Provided entries:

+++++

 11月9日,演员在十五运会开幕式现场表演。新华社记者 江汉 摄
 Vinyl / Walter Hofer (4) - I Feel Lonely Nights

+++++

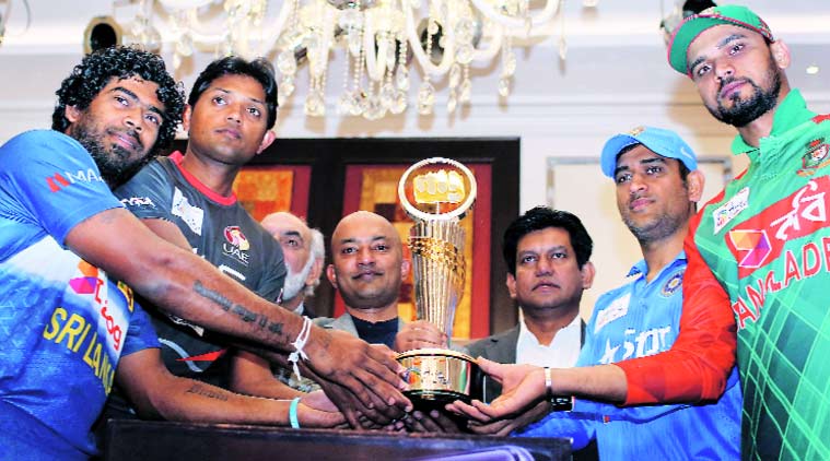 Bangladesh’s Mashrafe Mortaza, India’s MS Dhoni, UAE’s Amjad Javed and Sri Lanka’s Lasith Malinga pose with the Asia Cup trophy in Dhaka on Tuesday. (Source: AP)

+++++

About this task: Print exactly the lines above, between the one holding "11月9日,演员在十五运会开幕式现场表演。新华社记者 江汉 摄" and the one holding "Vinyl / Walter", inclusive, and nothing besides.

Result:
 11月9日,演员在十五运会开幕式现场表演。新华社记者 江汉 摄
 Vinyl / Walter Hofer (4) - I Feel Lonely Nights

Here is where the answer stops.